Спал в каменных подвалах, уронив тяжелые кулаки, молодой и еще не совсем понимающий самого себя пролетариат. Ночами на конспиративных квартирах приглушенными голосами спорили люди в темных косоворотках и снимали с гектографов влажные листы: «Пролетарии всех стран, соединяйтесь!»

Миллионы людей, сотни поколений, фараоны, ремесленники и крестьяне втягивали голову в плечи от страха, когда поднимали взор к небу — мерцающим планетам и звездам, таинственному Млечному пути, похожему на гигантское древо жизни и смерти. Они боялись неба. Сидящий на берегу Оки молодой еще человек просто и спокойно, как на землю, которую надо пахать, боронить и засевать, смотрел на бездонное небо. К. Э. Циолковский, умея мысленно раздвигать до бесконечности небо, крепко стоял на ногах в кабинете ученого.

О, эти губернские дома российских интеллигентов чеховско-гаршинского склада! Без ковров и портретов царствующих особ, без резьбы и лака на мебели — долго они будут жить, ибо на дверях многих таких домов теперь прибита табличка: «Здесь жил и работал…» В доме на Оке — жесткие деревянные кровати, сосновый стол, полотняные занавески, комод, плоский и незатейливый… Спине от волнения холодно, когда вспоминаешь, где ты еще видел такой дом, почти такой, доведенный до верха аскетизма.

Ульяновск! Целесообразно пустые комнаты, верх роскоши — рояль, верх украшательства — вырезанная лобзиком из фанеры Александром Ульяновым хлебница и, наконец, детская, где вместо игрушек — деревянные чурбачки. Здесь родился В. И. Ленин — человек, который, не будучи математиком, внесет поправочные коэффициенты чуть ли не во все математические реалии Земли и космоса…

Похожий на Менделеева, и на Тимирязева, и на Чайковского одновременно, а больше всего на самого себя, Константин Эдуардович Циолковский как ученый соединяет конкретные научно-технические исследования с глобально-масштабным мышлением космического навигатора, но и его смелое воображение все-таки не мешает возникновению, может быть, единственной, но серьезной ошибки.

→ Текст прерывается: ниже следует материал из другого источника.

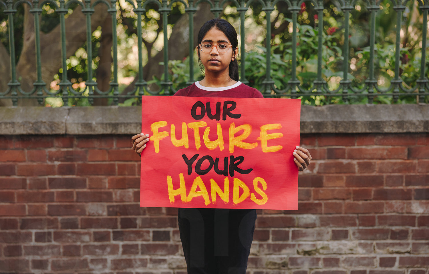 Young teenage girl looking at the camera while holding a climate change poster. Young environmental activist protesting against global warming and climate change.

Он исповедально пишет: «Основной мотив моей жизни сделать что-нибудь полезное для людей, не прожить даром жизнь, продвинуть человечество хоть немного вперед. Вот почему я интересовался тем, что не давало мне ни хлеба, ни силы. Но я надеюсь, что мои работы, может быть, скоро, а может быть, в отдаленном будущем принесут человечеству горы хлеба и бездну могущества…»

Какая высота духа, самоотверженность, подвижничество и… одиночество! Увы! Это часто бывает в чрезвычайно малонаселенной стране гениев.

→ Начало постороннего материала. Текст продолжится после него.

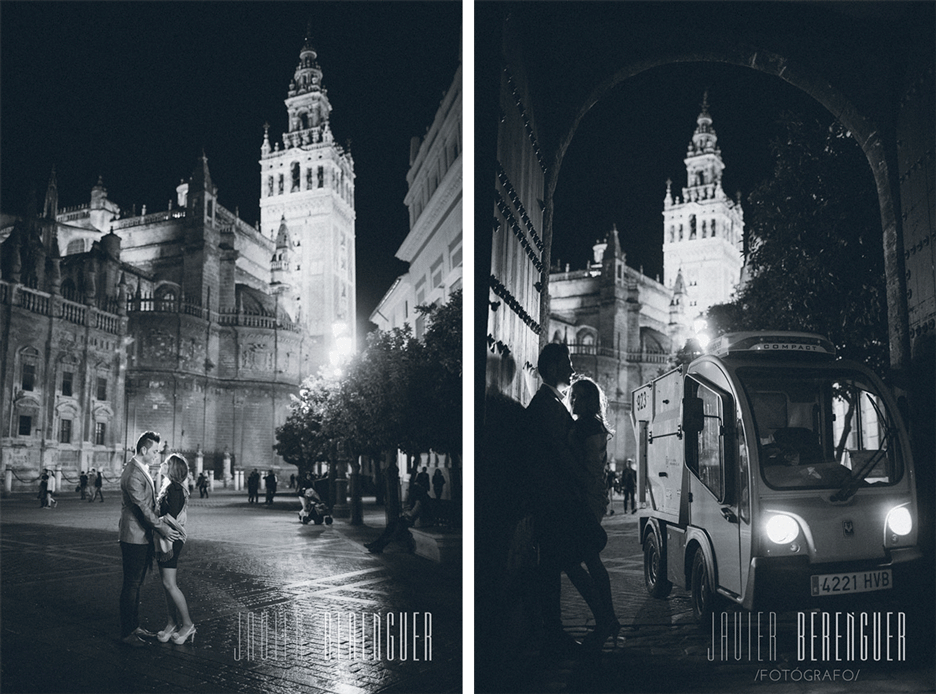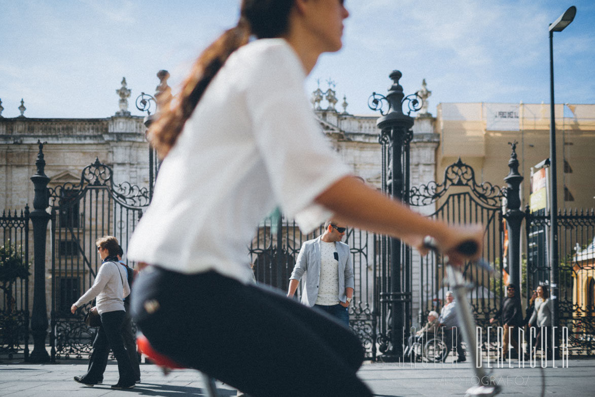 Cuando decidieron casarse tenían claro que de una forma u otra, Sevilla iba a estar presente. Después de unas horas en coche y estar observando a los novios pude conocer sus deseos e inquietudes y lo que realmente esperaban de este reportaje de fotos. Llegamos a Sevilla al Hotel Eme Catedral que era donde nos hospedábamos y en cuanto hicimos el check in nos dispusimos a hacer una pequeña toma de contacto con la ciudad y con los novios para que fuesen cogiendo confianza. Llegó la noche y después de un merecido descanso nos dispusimos a seguir desgranando los rincones de esta ciudad con tanto encanto… calle Sierpes, barrio Santa Cruz y por supuesto el Puente de Triana, mientras la Giralda era testigo de la sesión de fotos que iba realizando.

Одинокий, как всегда одинокий, Константин Эдуардович Циолковский заканчивает строительство аэродинамической трубы, из таких в двадцатом веке станут подниматься в небо все летательные аппараты тяжелее воздуха. Труба не вмещается в самую большую комнату деревянного дома, изобретатель выбрасывает из комнаты мебель и переселяется жить на веранду — дело происходит зимой, отец мировой космонавтики спит на самодельном верстаке, головой к дверям, о которых космонавт Алексей Леонов много десятилетий спустя скажет: «Разные двери вели нас в космос, но без этой мы бы никуда не вышли…» А в утренний час Константин Эдуардович пьет из чашки с надписью: «Бедность учит, счастье портит!» Не слишком ли пессимистично для человека, который с самим собой наедине знает: люди не останутся вечно на Земле.

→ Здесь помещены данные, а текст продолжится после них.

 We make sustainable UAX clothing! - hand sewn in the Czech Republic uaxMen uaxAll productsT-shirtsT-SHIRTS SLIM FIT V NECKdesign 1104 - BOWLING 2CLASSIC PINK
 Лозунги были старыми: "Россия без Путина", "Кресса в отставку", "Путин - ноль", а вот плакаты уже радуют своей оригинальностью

Какое счастье отвергает гений? Да то самое, что прет в глаза сразу за окнами, где счастье — это жратва, тряпки, особняки, чины и могущество столоначальников. Гений еще не может раздвинуть так широко окна своего кабинета, чтобы увидеть такой же бездонный, как небо, простор человеческого существования, открывающийся перед первой в мире социалистической революцией. Жизнь такова, какой видится из окна…

До гнева и отвращения не любящий «актерской» популярности, всегда, однако, окруженный людьми с блестящими от мечты глазами, стремительно проходит к знаменитому отныне броневику Владимир Ильич Ленин — человек естественно и открыто земной, и еще раз земной и поэтому, на взгляд, далекий в эти минуты от неба. Миру еще не известно, что человека в рабочей кепке несколько лет спустя назовут «кремлевским мечтателем», а потом на деле окажется, что самые романтические и фантастические его мечты станут нашими буднями.

Потеряв еще в детстве слух, Константин Эдуардович — Циолковский больше видит, чем слышит, так как слуховой аппарат купить было не на что — деньги уходили на эксперименты. Пришлось самому, потеснив главное дело жизни, изобрести жестяную трубу для усиления звука. Работа была, как всегда, блестящей, математически безукоризненно рассчитанной и физически обоснованной, но она родила горькие безысходные слова.

— Труба — это единственное мое изобретение, — сказал Константин Эдуардович, — которое принесло пользу людям, да и то одному человеку…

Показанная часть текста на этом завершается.